Torsion is antisymmetric

Statement

Let ${\displaystyle M}$ be a differential manifold and ${\displaystyle \mathrm{\nabla }}$ be a linear connection on ${\displaystyle M}$ (viz., ${\displaystyle \mathrm{\nabla }}$ is a connection on the tangent bundle ${\displaystyle TM}$ of ${\displaystyle M}$).

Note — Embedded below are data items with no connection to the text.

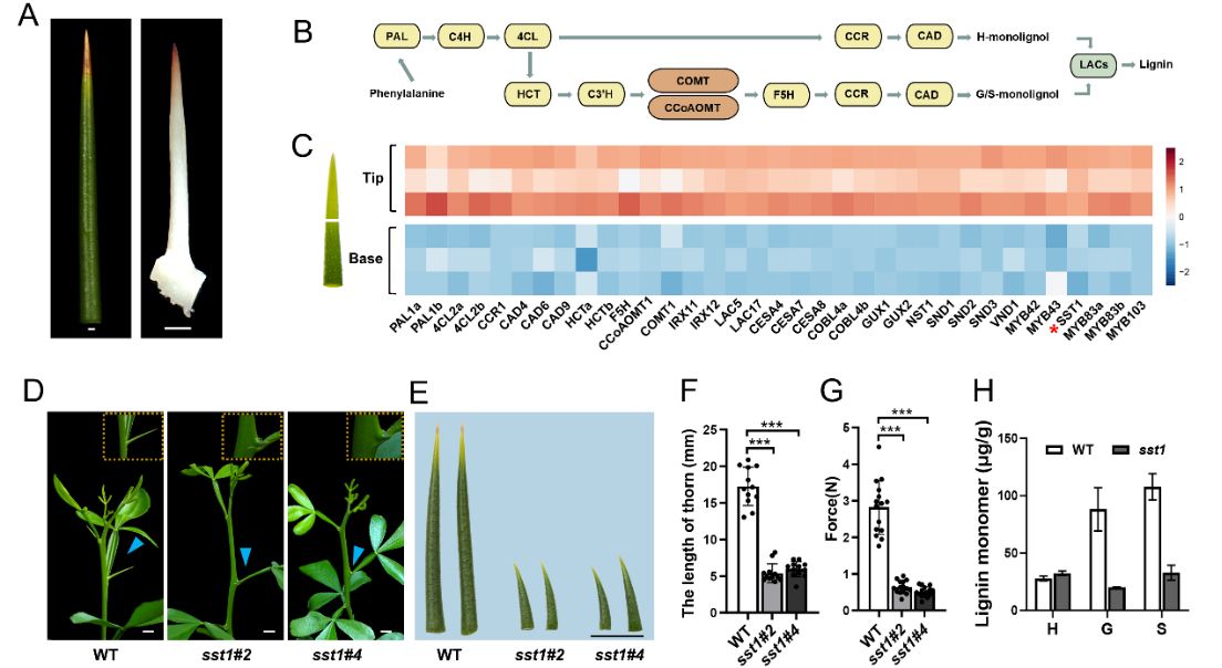 1. 鉴定到调控枝刺尖端硬化的关键基因SST1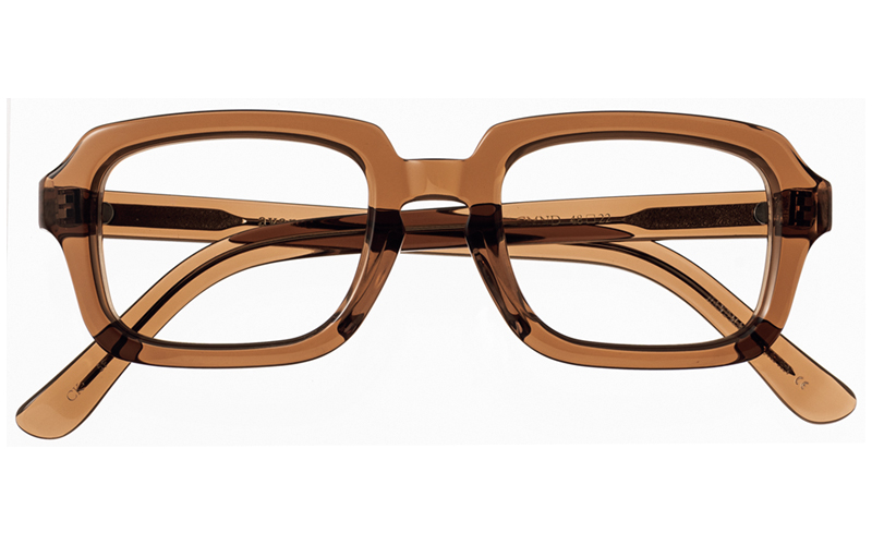 メンズライクなスクエア形の太フレームも、透け感のあるブラウンで女っぽさも感じる一本。メガネ/モデル着用と同じ
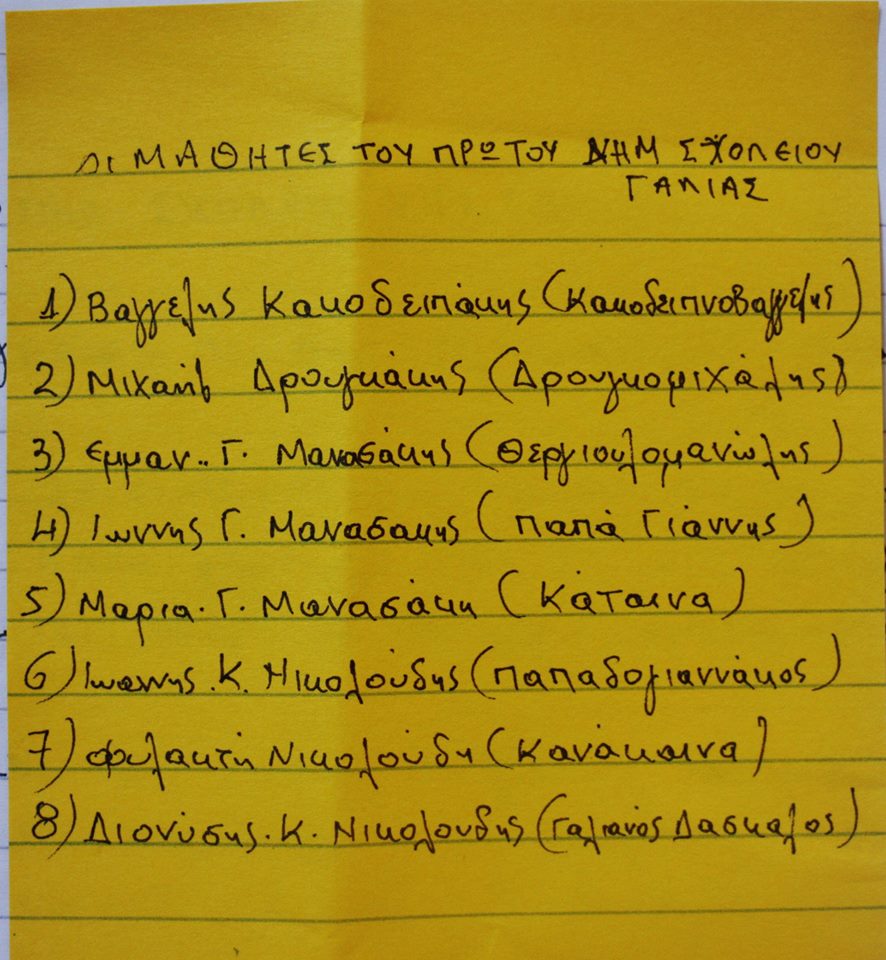 -Να ξέρεις του λέει, πως αυτό το σπίτι που πήρες σήμερα, ήταν το πρώτο μας δημοτικό της Γαλιάς! Και επί τη ευκαιρία, να σου πω διό λόγια που κατέχω. Τα κατέχω καλά, γιατί επαδά που θωρείς, ήμαθα γράμματα και εγώ μια φορά και ένα καιρό! Ούλη κι ούλη ήταν μια αίθουσα, και ήμαστε 8 μαθητές ούλοι κι ούλοι! Δάσκαλο είχαμε το Νικολόπαπα από τα Βορίζα! |-Ε αφού «διάβαζες» σε αυτό το σχολειό, μήπως θυμάσαι μπάρμπα Βαγγέλη και πχοί ήτανε οι άλλοι εφτά μαθητές?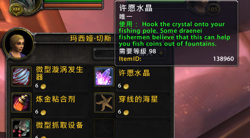 喷泉边的钓鱼训练师出售一些特殊的鱼饵,可以在达拉然的喷泉钓起新版的许愿硬币。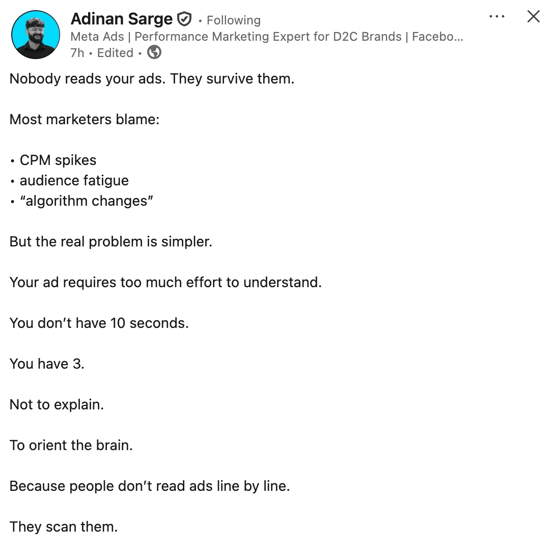 This strategy argues that most ads fail because they require too much cognitive effort to process. Instead of designing creatives like mini landing pages, ads should prioritize visual hierarchy and instant message clarity. The goal is to orient the brain within the first few seconds through scan-friendly design.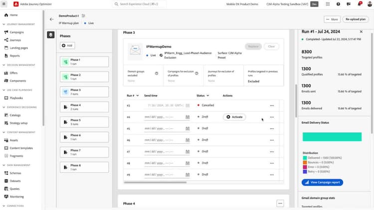 Create an IP warmup plan in Journey Optimizer and upload the Excel sheet prepared with the help of your deliverability consultant. Learn more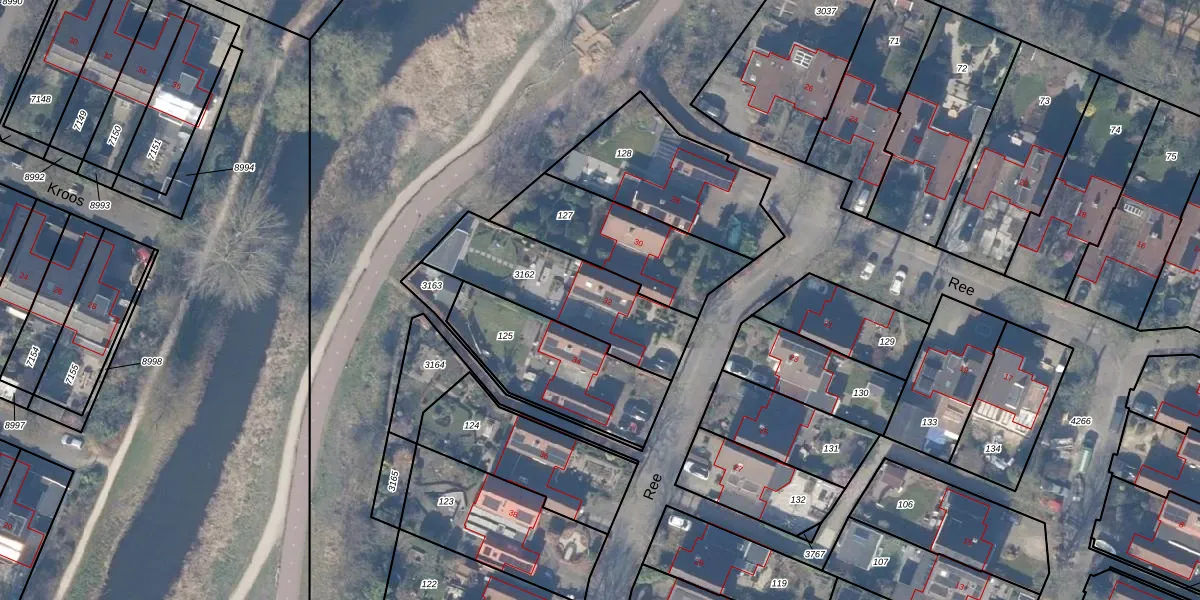Het perceel waarop Ree 32 staat heeft een oppervlakte van 490 m². Dit is een groot perceel. De perceeloppervlakte wordt geregistreerd door het Kadaster. Gedetailleerde informatie over de maten van dit perceel kunt u vinden in het rapport Kadastrale kaart met maatvoering van Ree 32.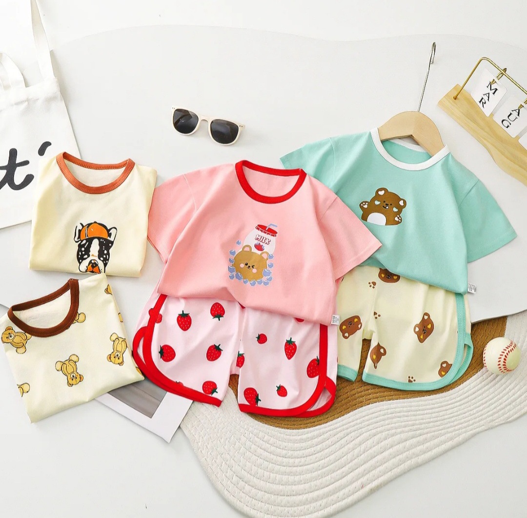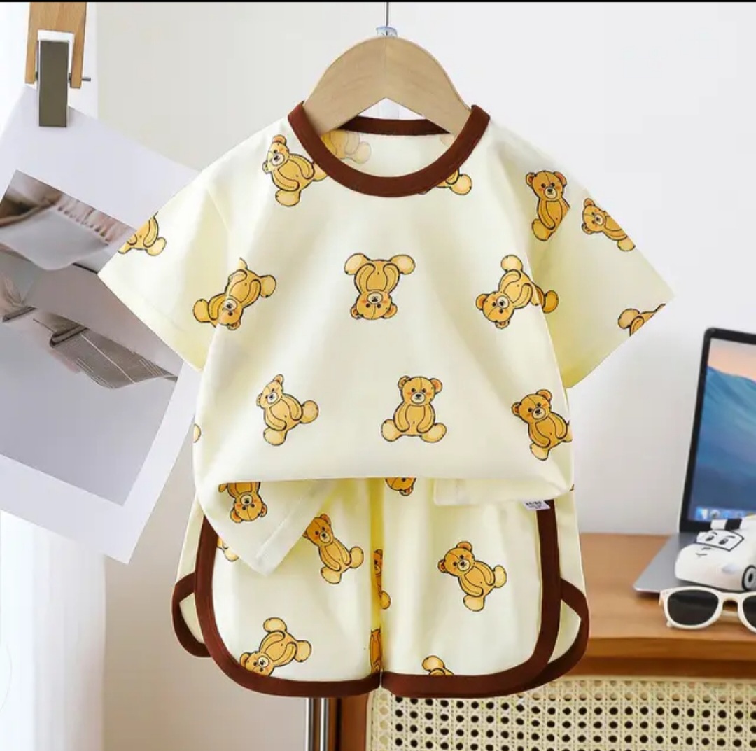 لباس راحتی با پارچه نخ پنبه بدون حساسیت و پرز دهی چاپ ثابت و بدون رنگ دهی در ۴ طرح کیوت و زیبا

Consider the torsion of ${\displaystyle \mathrm{\nabla }}$, namely:

${\displaystyle \tau (\mathrm{\nabla }):\mathrm{\Gamma }(TM)\times \mathrm{\Gamma }(TM)\to \mathrm{\Gamma }(TM)}$

given by:

${\displaystyle \tau (\mathrm{\nabla })(X,Y)={\mathrm{\nabla }}_{X}Y-{\mathrm{\nabla }}_{Y}X-[X,Y]}$

Then, ${\displaystyle \tau (\mathrm{\nabla })}$ is antisymmetric, i.e.:

${\displaystyle \tau (\mathrm{\nabla })(Y,X)=-\tau (\mathrm{\nabla })(X,Y)}$

Equivalently, ${\displaystyle \tau }$ is alternating, i.e.:

${\displaystyle \tau (\mathrm{\nabla })(X,X)=0}$.

Related facts

• Torsion is tensorial
• Curvature is tensorial
• Curvature is antisymmetric in first two variables

Proof

The proof follows directly from the definition, and the fact that the Lie bracket of derivations is antisymmetric.